[YOUR INSTRUCTIONS] Could you copy exactly the lines below from the one with "Odpowiedź w postaci" to the one with "Pada kesempatan tersebut, Komandan", inclusive, leaving out any pictures?

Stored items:
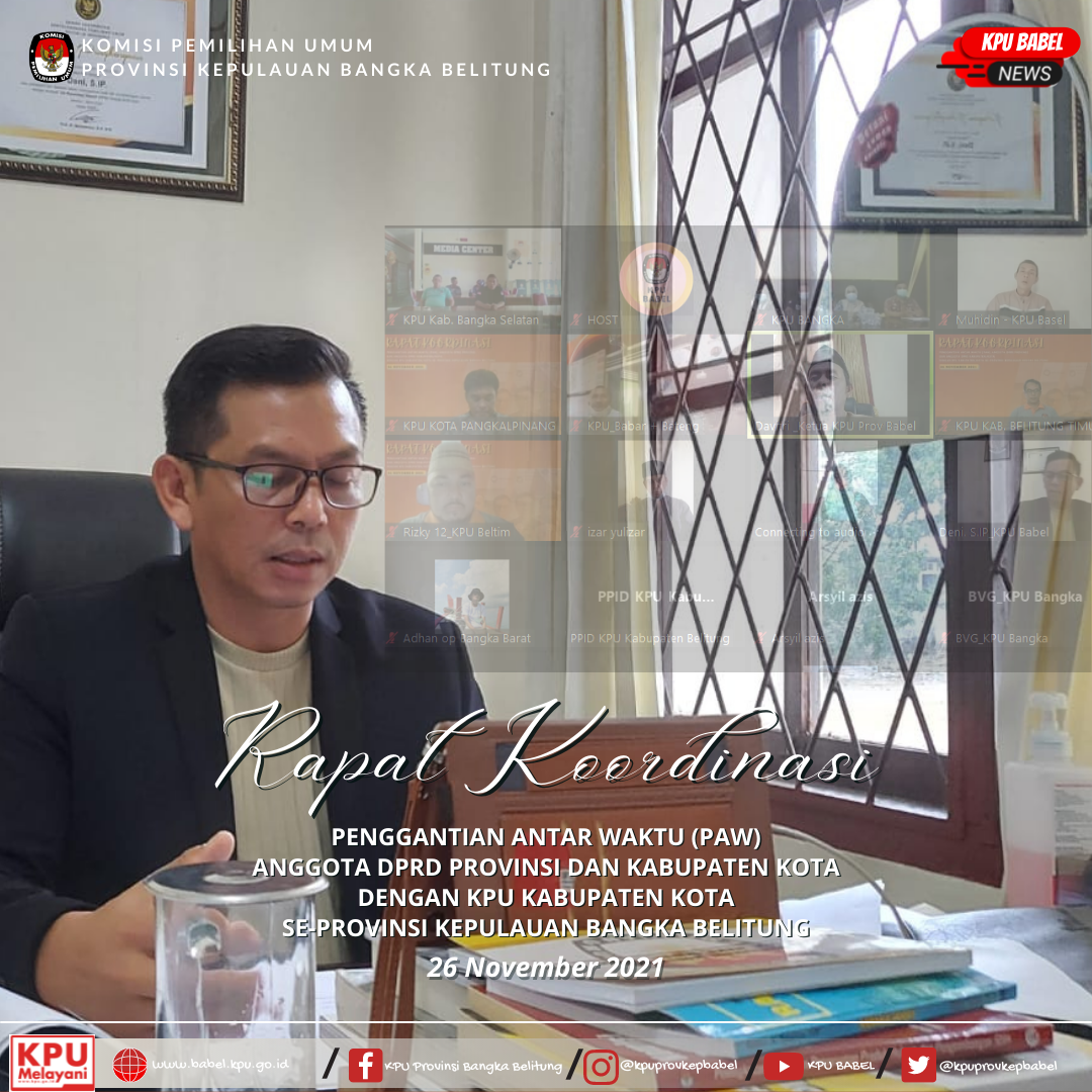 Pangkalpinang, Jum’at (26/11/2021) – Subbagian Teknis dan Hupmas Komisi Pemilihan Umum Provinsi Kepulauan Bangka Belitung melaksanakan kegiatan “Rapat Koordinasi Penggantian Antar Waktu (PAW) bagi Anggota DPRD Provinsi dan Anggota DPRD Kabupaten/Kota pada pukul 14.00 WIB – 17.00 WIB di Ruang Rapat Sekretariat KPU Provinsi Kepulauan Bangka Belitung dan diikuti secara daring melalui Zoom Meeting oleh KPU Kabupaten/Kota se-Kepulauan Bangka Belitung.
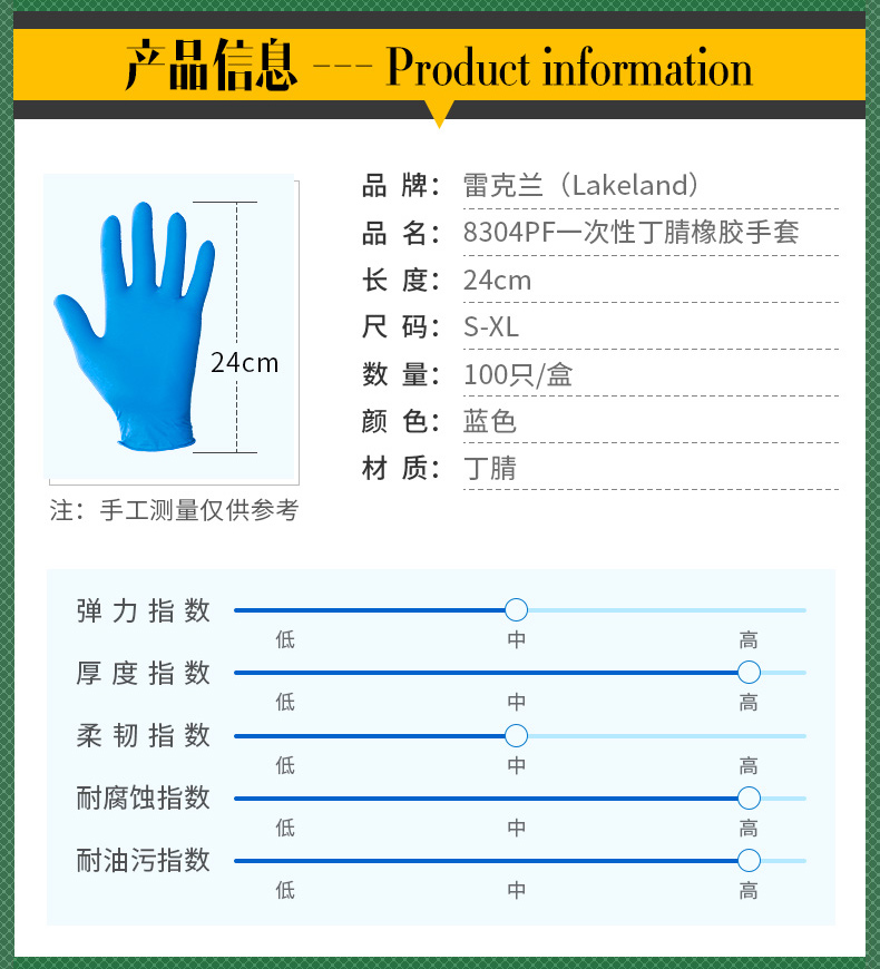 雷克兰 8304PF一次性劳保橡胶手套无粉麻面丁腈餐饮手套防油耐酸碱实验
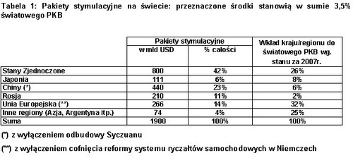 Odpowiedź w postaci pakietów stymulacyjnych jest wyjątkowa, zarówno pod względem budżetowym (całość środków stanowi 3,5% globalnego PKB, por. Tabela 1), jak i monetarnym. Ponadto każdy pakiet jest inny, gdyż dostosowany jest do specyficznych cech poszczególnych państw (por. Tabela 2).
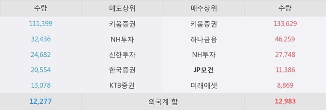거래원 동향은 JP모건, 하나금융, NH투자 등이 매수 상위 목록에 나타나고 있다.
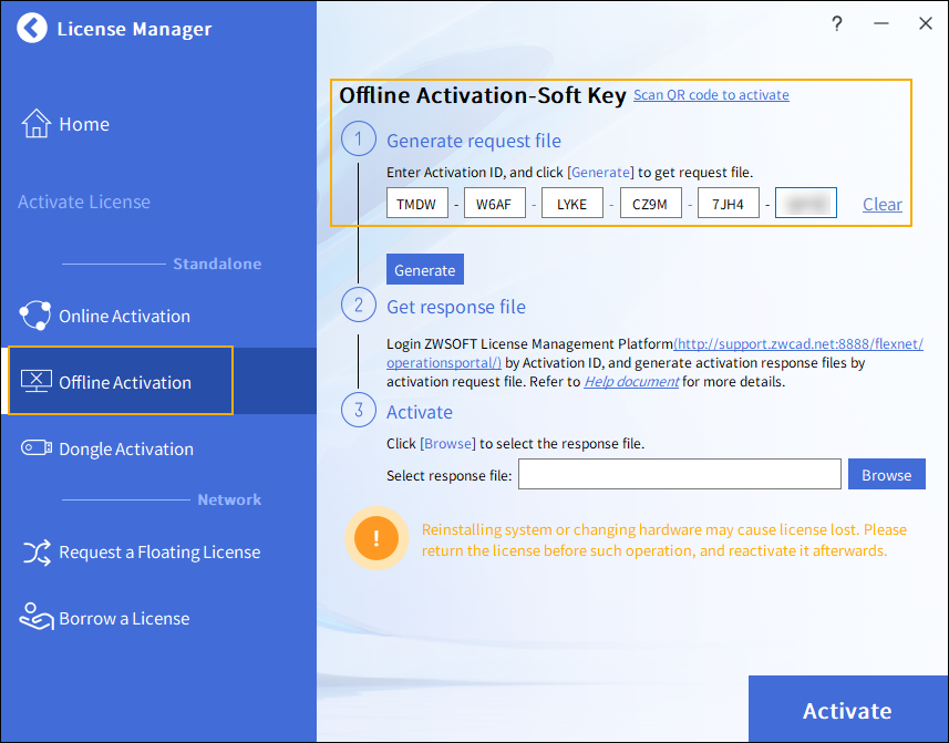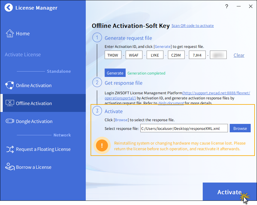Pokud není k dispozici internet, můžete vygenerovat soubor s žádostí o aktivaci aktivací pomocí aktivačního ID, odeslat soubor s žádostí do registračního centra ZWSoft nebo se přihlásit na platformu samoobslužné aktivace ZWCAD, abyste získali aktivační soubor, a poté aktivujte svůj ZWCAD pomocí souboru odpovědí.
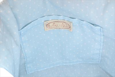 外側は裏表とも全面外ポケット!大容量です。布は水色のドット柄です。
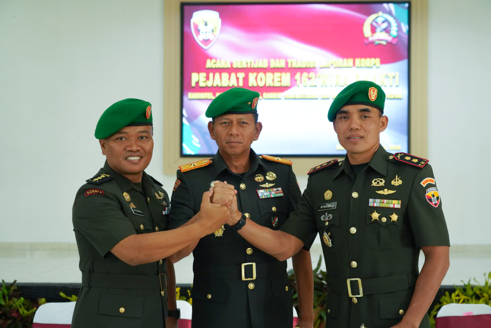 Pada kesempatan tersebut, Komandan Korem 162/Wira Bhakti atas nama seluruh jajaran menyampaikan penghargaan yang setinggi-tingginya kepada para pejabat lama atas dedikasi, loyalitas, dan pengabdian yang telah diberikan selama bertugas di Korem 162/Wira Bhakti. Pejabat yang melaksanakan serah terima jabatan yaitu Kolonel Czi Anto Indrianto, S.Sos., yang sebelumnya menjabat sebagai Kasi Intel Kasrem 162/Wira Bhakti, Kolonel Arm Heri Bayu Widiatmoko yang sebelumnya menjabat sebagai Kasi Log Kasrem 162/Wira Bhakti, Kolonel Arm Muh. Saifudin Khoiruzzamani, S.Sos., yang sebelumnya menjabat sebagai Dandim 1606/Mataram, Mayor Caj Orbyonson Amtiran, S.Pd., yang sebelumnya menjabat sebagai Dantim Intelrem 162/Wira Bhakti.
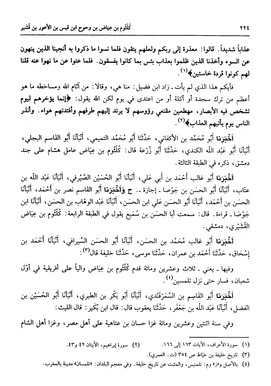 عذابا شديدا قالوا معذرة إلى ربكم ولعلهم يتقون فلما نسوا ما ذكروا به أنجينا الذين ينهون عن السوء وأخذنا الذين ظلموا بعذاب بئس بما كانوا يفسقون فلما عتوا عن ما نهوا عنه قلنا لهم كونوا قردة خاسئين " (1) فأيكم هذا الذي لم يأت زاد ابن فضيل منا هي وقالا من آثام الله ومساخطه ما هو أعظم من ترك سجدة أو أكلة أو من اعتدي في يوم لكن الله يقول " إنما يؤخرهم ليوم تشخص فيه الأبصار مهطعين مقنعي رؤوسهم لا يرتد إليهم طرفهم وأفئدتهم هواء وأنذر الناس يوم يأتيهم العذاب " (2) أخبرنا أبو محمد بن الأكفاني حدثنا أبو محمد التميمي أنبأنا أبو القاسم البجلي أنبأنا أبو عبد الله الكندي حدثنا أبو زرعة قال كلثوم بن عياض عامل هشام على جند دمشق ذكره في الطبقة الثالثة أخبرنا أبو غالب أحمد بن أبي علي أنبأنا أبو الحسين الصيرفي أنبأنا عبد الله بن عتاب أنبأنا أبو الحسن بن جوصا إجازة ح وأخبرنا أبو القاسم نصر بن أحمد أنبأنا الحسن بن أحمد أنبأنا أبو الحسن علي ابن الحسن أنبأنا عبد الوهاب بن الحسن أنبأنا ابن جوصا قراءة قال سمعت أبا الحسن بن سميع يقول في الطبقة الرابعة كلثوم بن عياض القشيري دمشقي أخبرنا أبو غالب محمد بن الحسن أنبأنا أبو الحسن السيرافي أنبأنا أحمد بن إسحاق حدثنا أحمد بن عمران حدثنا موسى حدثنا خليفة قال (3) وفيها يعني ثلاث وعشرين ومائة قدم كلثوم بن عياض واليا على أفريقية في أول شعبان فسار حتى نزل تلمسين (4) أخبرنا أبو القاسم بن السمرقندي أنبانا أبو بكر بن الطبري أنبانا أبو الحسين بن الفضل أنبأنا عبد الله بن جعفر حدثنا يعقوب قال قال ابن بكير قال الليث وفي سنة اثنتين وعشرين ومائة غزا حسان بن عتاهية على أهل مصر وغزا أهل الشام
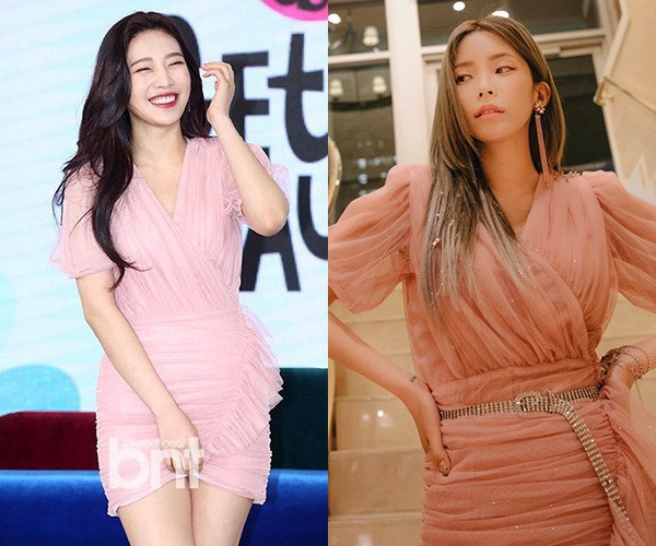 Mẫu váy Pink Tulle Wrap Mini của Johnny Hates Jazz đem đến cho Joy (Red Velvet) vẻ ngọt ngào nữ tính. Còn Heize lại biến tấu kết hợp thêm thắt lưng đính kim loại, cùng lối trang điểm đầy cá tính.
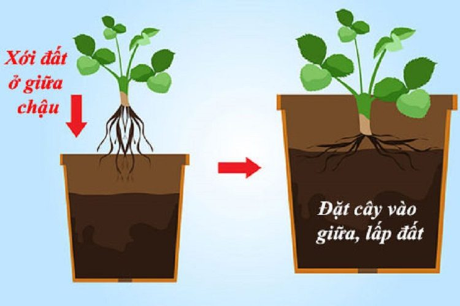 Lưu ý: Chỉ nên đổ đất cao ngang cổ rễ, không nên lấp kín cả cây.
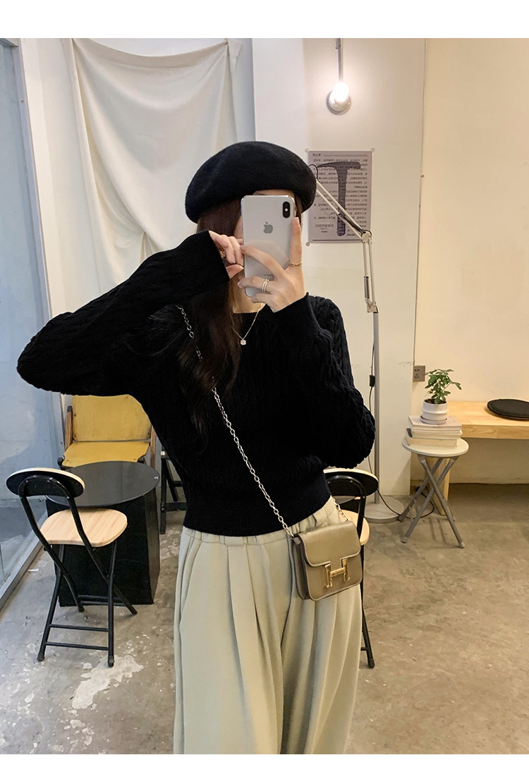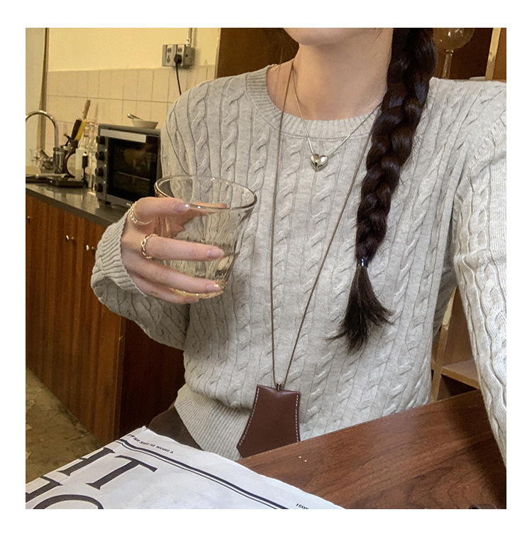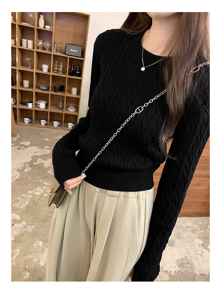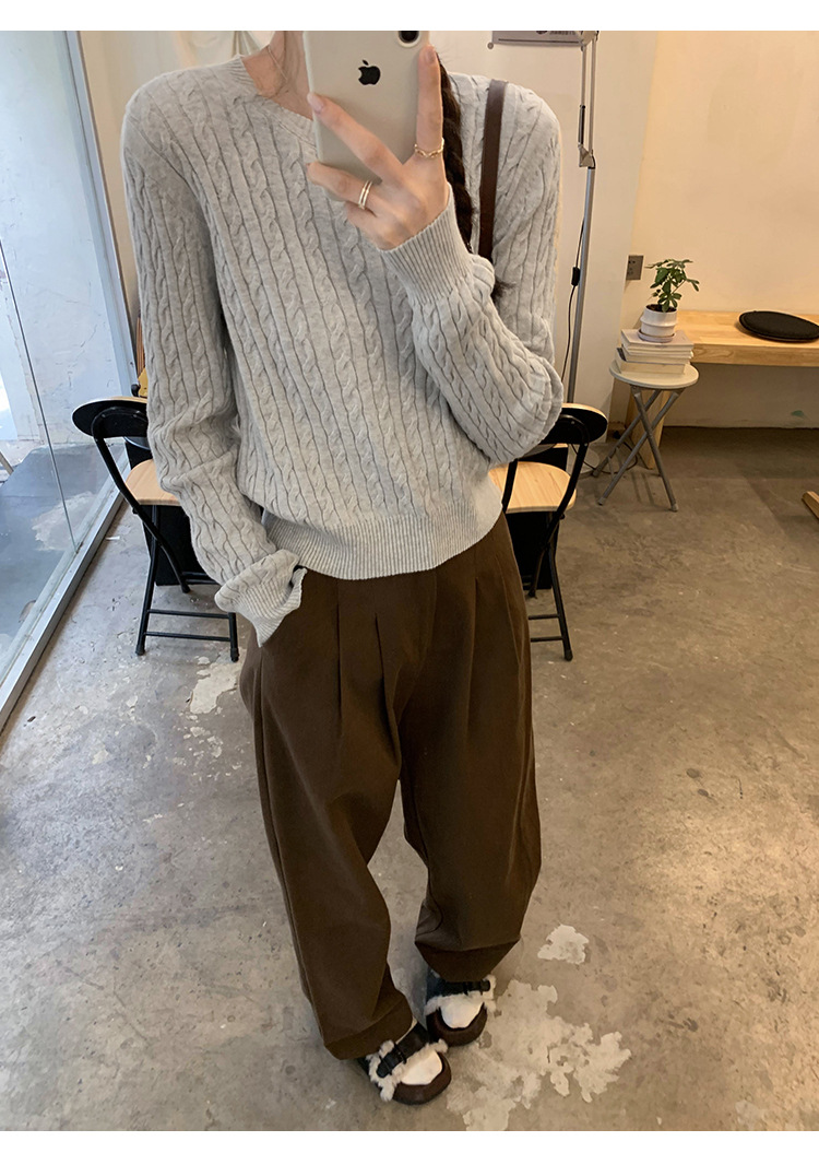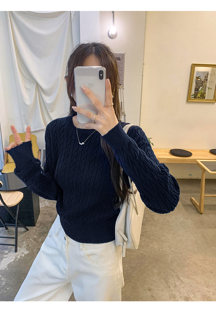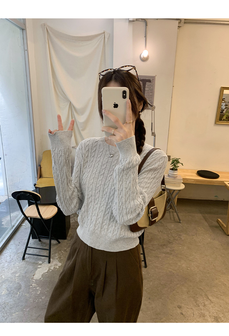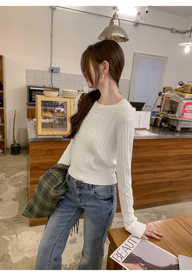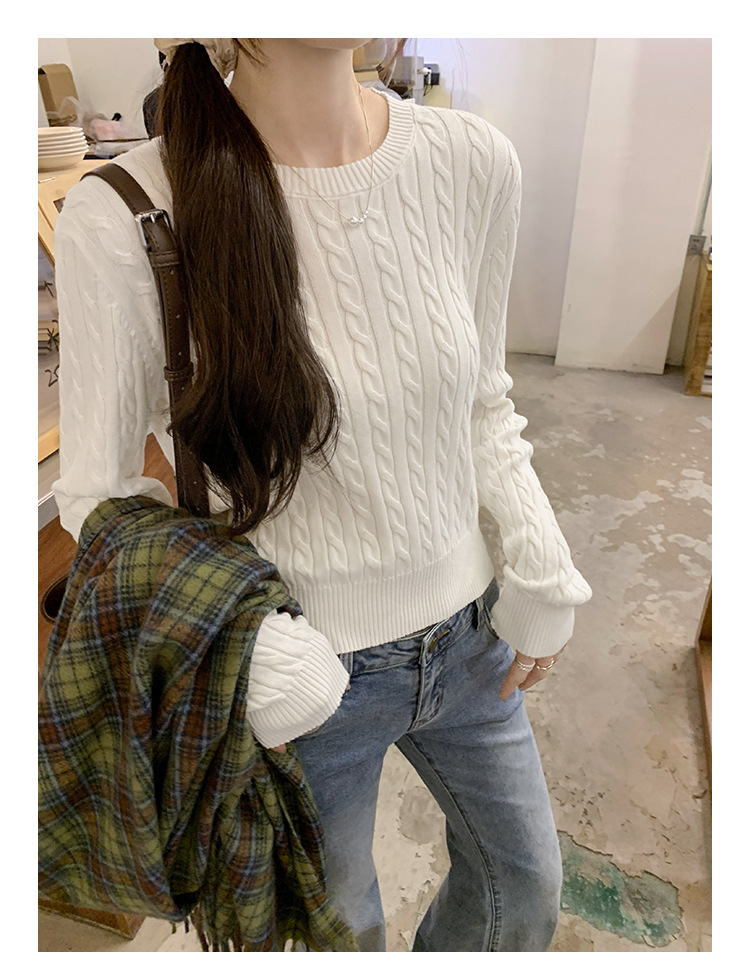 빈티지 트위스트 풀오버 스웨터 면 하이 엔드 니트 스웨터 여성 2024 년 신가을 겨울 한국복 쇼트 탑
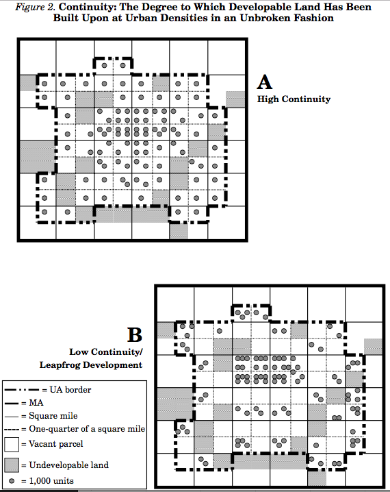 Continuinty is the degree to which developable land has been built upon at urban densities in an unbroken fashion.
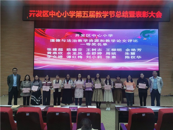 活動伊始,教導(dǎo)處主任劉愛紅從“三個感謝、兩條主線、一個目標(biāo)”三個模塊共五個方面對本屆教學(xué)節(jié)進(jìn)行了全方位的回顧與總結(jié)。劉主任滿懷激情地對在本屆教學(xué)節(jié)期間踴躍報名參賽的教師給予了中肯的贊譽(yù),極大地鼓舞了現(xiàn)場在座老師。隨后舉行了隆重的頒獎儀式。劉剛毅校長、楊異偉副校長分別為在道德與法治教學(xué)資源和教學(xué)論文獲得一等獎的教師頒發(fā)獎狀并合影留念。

[FINISHED EXERCISE]
 Odpowiedź w postaci pakietów stymulacyjnych jest wyjątkowa, zarówno pod względem budżetowym (całość środków stanowi 3,5% globalnego PKB, por. Tabela 1), jak i monetarnym. Ponadto każdy pakiet jest inny, gdyż dostosowany jest do specyficznych cech poszczególnych państw (por. Tabela 2).
거래원 동향은 JP모건, 하나금융, NH투자 등이 매수 상위 목록에 나타나고 있다.
Pokud není k dispozici internet, můžete vygenerovat soubor s žádostí o aktivaci aktivací pomocí aktivačního ID, odeslat soubor s žádostí do registračního centra ZWSoft nebo se přihlásit na platformu samoobslužné aktivace ZWCAD, abyste získali aktivační soubor, a poté aktivujte svůj ZWCAD pomocí souboru odpovědí.
 外側は裏表とも全面外ポケット!大容量です。布は水色のドット柄です。
 Pada kesempatan tersebut, Komandan Korem 162/Wira Bhakti atas nama seluruh jajaran menyampaikan penghargaan yang setinggi-tingginya kepada para pejabat lama atas dedikasi, loyalitas, dan pengabdian yang telah diberikan selama bertugas di Korem 162/Wira Bhakti. Pejabat yang melaksanakan serah terima jabatan yaitu Kolonel Czi Anto Indrianto, S.Sos., yang sebelumnya menjabat sebagai Kasi Intel Kasrem 162/Wira Bhakti, Kolonel Arm Heri Bayu Widiatmoko yang sebelumnya menjabat sebagai Kasi Log Kasrem 162/Wira Bhakti, Kolonel Arm Muh. Saifudin Khoiruzzamani, S.Sos., yang sebelumnya menjabat sebagai Dandim 1606/Mataram, Mayor Caj Orbyonson Amtiran, S.Pd., yang sebelumnya menjabat sebagai Dantim Intelrem 162/Wira Bhakti.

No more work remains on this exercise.